Allowed memory size exhausted during dump
DanieliMi opened this issue ยท 22 comments
Preconditions
GdprDump Version: 2.2.0
PHP Version: 7.4.25
Database Version: 10.3.31-MariaDB-0ubuntu0.20.04.1 Ubuntu 20.04
Steps to reproduce
- Shopware 6 database
- Config:
gdpr-dump.yml
database:
host: '%env(DATABASE_HOST)%'
port: '%env(DATABASE_PORT)%'
user: '%env(DATABASE_USER)%'
password: '%env(DATABASE_PASSWORD)%'
name: '%env(DATABASE_NAME)%'
dump:
hex_blob: true
skip_definer: true
tables:
acl_user_role:
truncate: true
cart:
truncate: true
customer:
truncate: true
customer_address:
truncate: true
customer_recovery:
truncate: true
dead_recovery:
truncate: true
enqueue:
truncate: true
google_shopping_account:
truncate: true
google_shopping_merchant_account:
truncate: true
integration:
truncate: true
log_entry:
truncate: true
message_queue_stats:
truncate: true
newsletter_recipient:
truncate: true
order:
truncate: true
order_address:
truncate: true
order_customer:
truncate: true
product_review:
truncate: true
refresh_token:
truncate: true
scheduled_task:
truncate: true
user:
truncate: true
user_recovery:
truncate: true
version:
truncate: true
version_commit:
truncate: true
version_commit_data:
truncate: true
- Create dump:
gdpr-dump gdpr-dump.yaml | sed 's$VALUES ($VALUES\n($g' | sed 's$),($),\n($g' > sql/master.sql
Expected result
A dump is created.
Actual result
PHP Fatal error
PHP Fatal error: Allowed memory size of 4294967296 bytes exhausted (tried to allocate 20480 bytes) in phar:///usr/local/bin/gdpr-dump/src/Database/TableDependencyResolver.php on line 2
Fatal error: Allowed memory size of 4294967296 bytes exhausted (tried to allocate 20480 bytes) in phar:///usr/local/bin/gdpr-dump/src/Database/TableDependencyResolver.php on line 2
I'll try to clone the repo and debug into the TableDependencyResolver. It seems to me there might be an cyclic dependencies.
When I remove
user:
truncate: true
I am getting the following error:
SQLSTATE[21000]: Cardinality violation: 1241 Operand should contain 1 column(s)
SET autocommit=0;
When removing
order:
truncate: true
as well it works just fine. I am a bit confused in how I can figure out what the problem is with those tables.
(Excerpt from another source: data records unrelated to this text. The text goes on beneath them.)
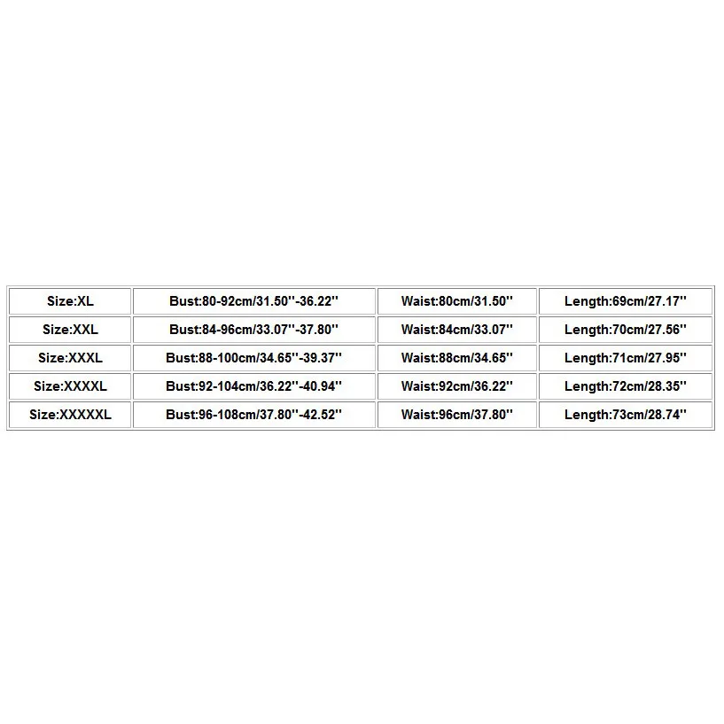 Размеры Обхват груди Обхват талии Длина XL 80-92 см/31,50 ''-36,22'' 80 см/31,50'' 69 см/27,17'' XXL 84-96 см/33,07 ''-37,80'' 84 см/33,07'' 70 см/27,56'' XХХL 88-100 см/34,65 ''-39,37'' 88 см/34,65'' 71 см/27,95'' XXXXL 92-104 см/36,22 ''-40,94'' 92 см/36,22'' 72 см/28,35'' XXXXXL 96-108 см/37,80 ''-42,52'' 96 см/37,80'' 73 см/28,74''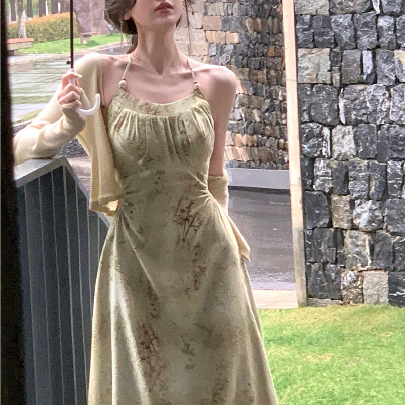 级感印花挂脖吊带连衣裙夏季2023女新款气质温柔露腰性感长裙子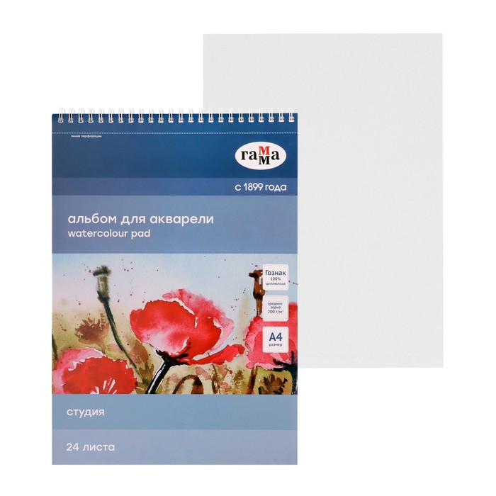Альбом для Акварели А4 (210 х 297 мм), 200 г/м2, 24 листа, "Гамма. Студия", на гребне, среднее зерно
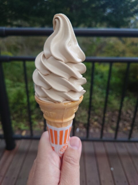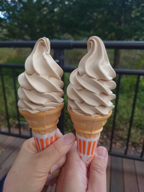 來到輕井澤時一定會光顧的超市—鶴屋裡面有這家店。我原以為輕井澤是總店,結果發現東京才是總店。摩卡冰淇淋可以選擇杯裝或圓筒,但因為會附上美味的梅子醬,所以我推薦選擇杯裝。我還點了今天的咖啡,430日圓。
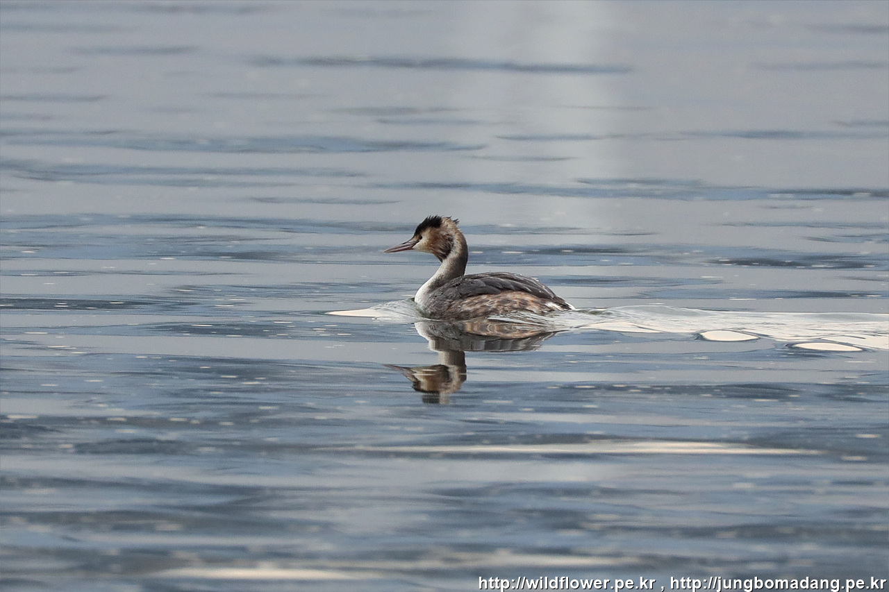 뿔논병아리 - 어린새. 크롭 사진입니다.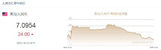 10月22日,人民币兑美元中间价报7.0954,下调24点。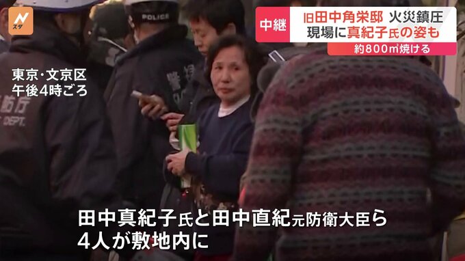 きょう午後3時半ごろ東京・文京区目白台の旧田中角栄邸で火事があり、消火活動が行われていましたが、火はさきほどほぼ消し止められました。現場から中継です。警視庁によりますと、午後3時半ごろ、「旧田中角栄邸…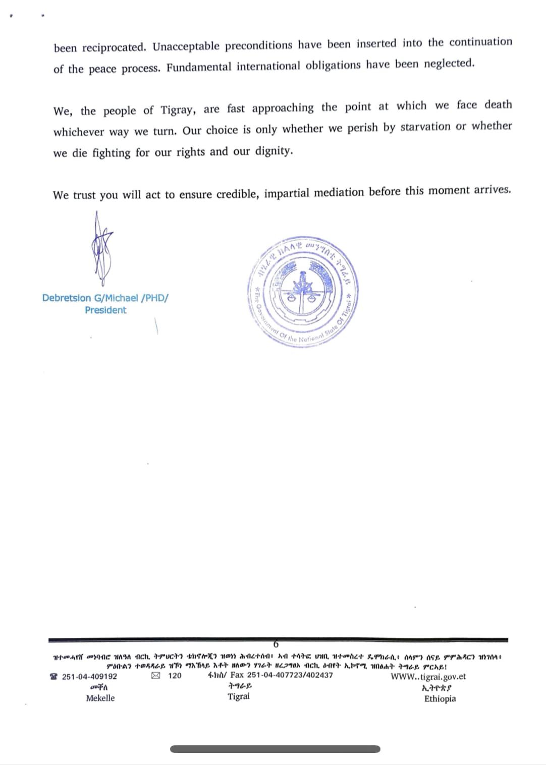 Open letter from the President of the Government of Tigray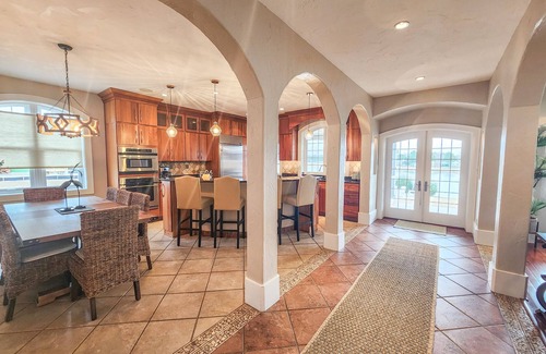 An open, flowing, light filled floor plan and spacious great room offer plenty of room for your whole group. A large well-equipped kitchen with granite countertops, stainless steel appliances and island seating for 4 makes whipping up everything from early morning French toast to a late-night omelette easy and fun.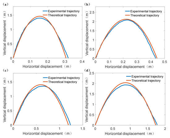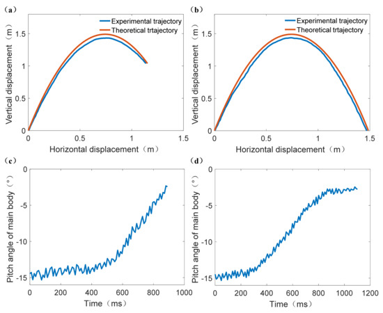 After the outdoor terrestrial jumping experiment, the four experimental jumping trajectories can be obtained and their comparisons with corresponding theoretical jumping trajectories were shown in Figure 11. Therefore, the RMSE of each experimental jumping trajectory can be calculated to evaluate its accuracy. The calculation results of RMSE for Figure 11a–d were: RMSEa = 0.057 m, RMSEb = 0.095 m, RMSEc = 0.074, RMSEd = 0.071 m, respectively. The maximum average degree of deviation in vertical displacement was 0.095 m, thus it can be concluded that the error between experimental jumping trajectory and theoretical jumping trajectory was small.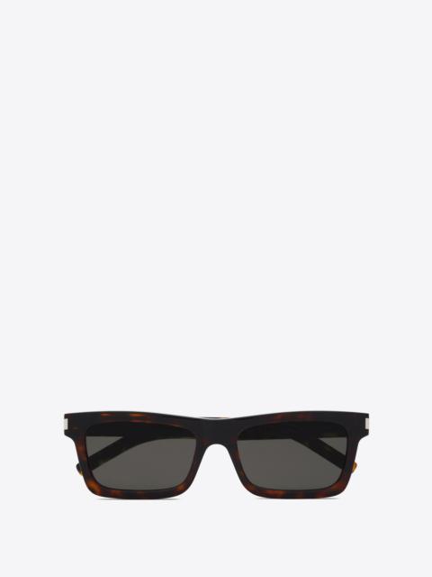 SUNGLASSES WITH RECTANGULAR ACETATE FRAMES AND NYLON LENSES. - 100% UVA/UVB PROTECTION - FRAMES COMPATIBLE WITH PRESCRIPTION LENSES - SAINT LAURENT ENGRAVED TEMPLES - DIMENSIONS:LENS 54 MM / 2.1", BRIDGE 18 MM / 0.7", TEMPLE 145 MM / 5.7" - ACETATE - STYLE ID 660374Y99011000 - MADE IN ITALY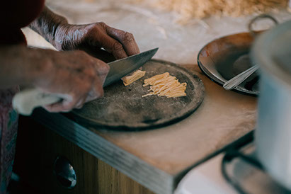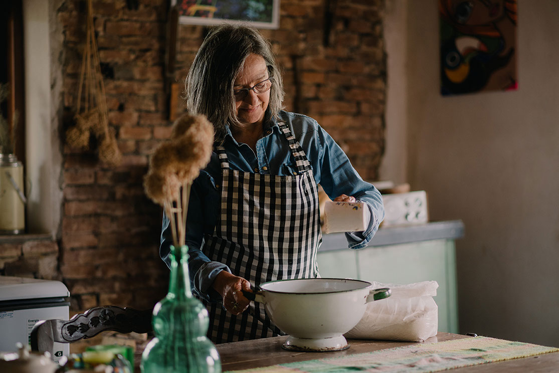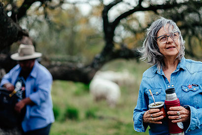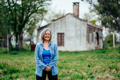 Magdalena Torres Lencina. Conocida como Malena, tiene su casa en Aranguren (Entre Ríos). Junto a su marido Beto, cría animales —sobre todo ganado y gallinas libres—, y tiene árboles frutales, con los que elabora dulces caseros.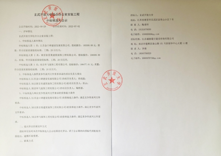 玄武开放大学组合办公室安装工程 中标候选人公示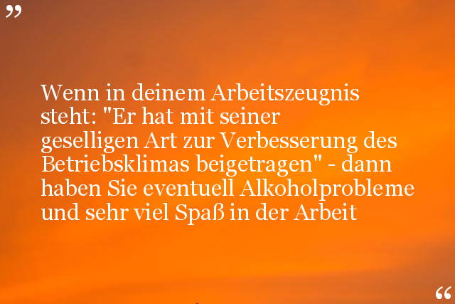 Wenn in deinem Arbeitszeugnis steht: "Er hat mit seiner geselligen Art zur Verbesserung des Betriebsklimas beigetragen" - dann haben Sie eventuell Alkoholprobleme und sehr viel Spaß in der Arbeit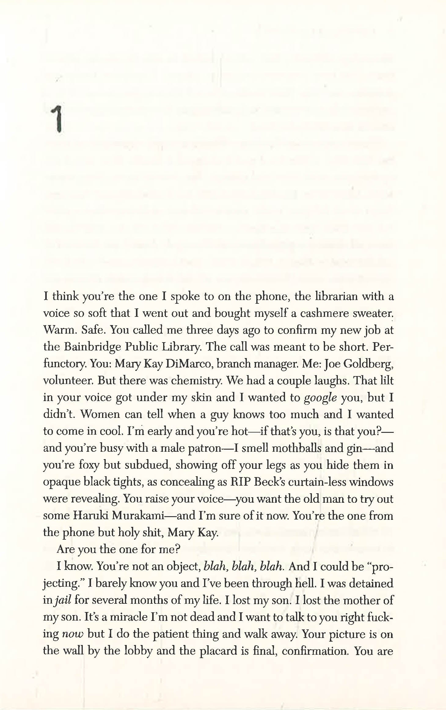 He gets a job at the local library – he does know a thing or two about books – and that's where he meets her: Mary Kay DiMarco. Librarian. Joe won't meddle, he will not obsess. He'll win her the old fashioned way . . . by providing a shoulder to cry on, a helping hand. Over time, they'll both heal their wounds and begin their happily ever after in this sleepy town.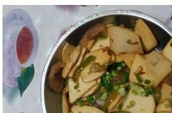 4)然后再把腊肠切成片,再加进竹笋里面,这样炒起来,就会散发出一种腊肠所特有的香味,特别的香,也很可口。

Debugging this together with Daniel...
It is possible with
SELECT *
FROM INFORMATION_SCHEMA.KEY_COLUMN_USAGE
WHERE REFERENCED_TABLE_NAME = 'user'
AND CONSTRAINT_SCHEMA = 'your_database_goes_here'
GROUP BY TABLE_NAME
to find out the forein keys.
But adding all the tables returned here (and the same for orders
) also does not help.
The problem is in this recursive function.
If we add
|| isset($resolved[$dependencyTable][$tableName])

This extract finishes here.